It’s not common to read stories that describe a breach of the public trust by Wyoming’s public servants. This week, however, was different — with news from Vancouver that Tom Doll, the supervisor of the Wyoming Oil and Gas Conservation Commission, in a speech to an interstate group of regulators, accused people in the Pavillion area of being driven by “greed” as they have voiced concerns about groundwater pollution that, EPA scientists say, is the likely result of gas drilling.
Like all state officials, Mr. Doll should honor the state constitution, which says that private property shall not be taken or damaged for public or private use without justification, and also says that the state must guard water equally for the benefit of all. These provisions suggest that Mr. Doll should be tough but fair, and it’s hard to see how he can be both, going forward, when it comes to the issue of water contamination near Pavillion.

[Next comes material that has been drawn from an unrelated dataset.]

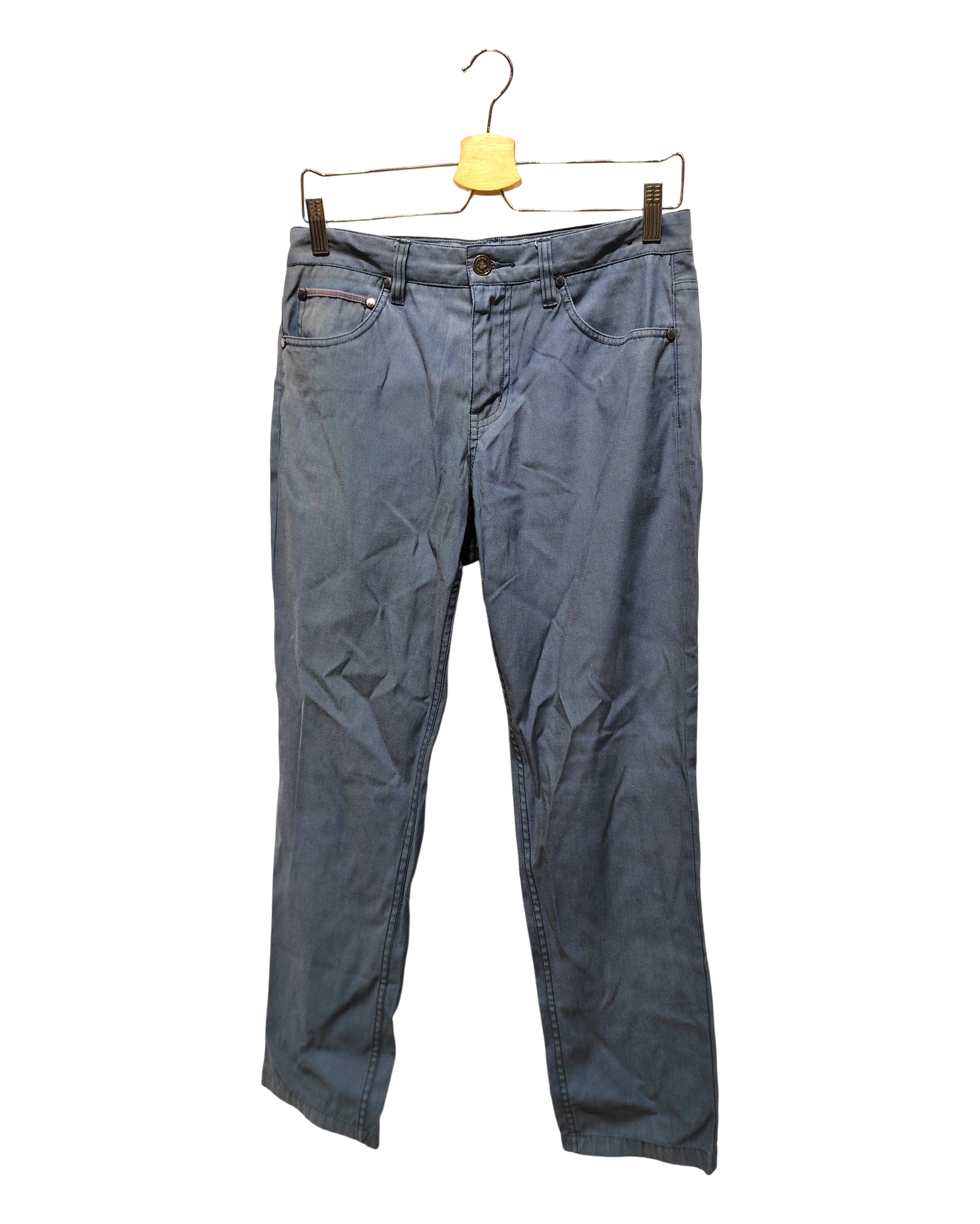The item is in decent condition with no major flaws. There may be slight visible signs of wear, such as light fading or pilling in areas such as the knees, seams, and hems due to being worn or washed.

Some residents near Pavillion have sought the state’s protection from documented groundwater contamination that the EPA, in a draft study, has said in all likelihood is the result of natural gas development and hydraulic fracturing.
Mr. Doll was quoted as saying about the people of rural Pavillion: “I think they’re just looking to be compensated.”
This isn’t the first time that Mr. Doll has weighed in on the Pavillion-area groundwater contamination investigation in a way that exceeds his normal duty of overseeing the oil and gas industry’s activities in Wyoming.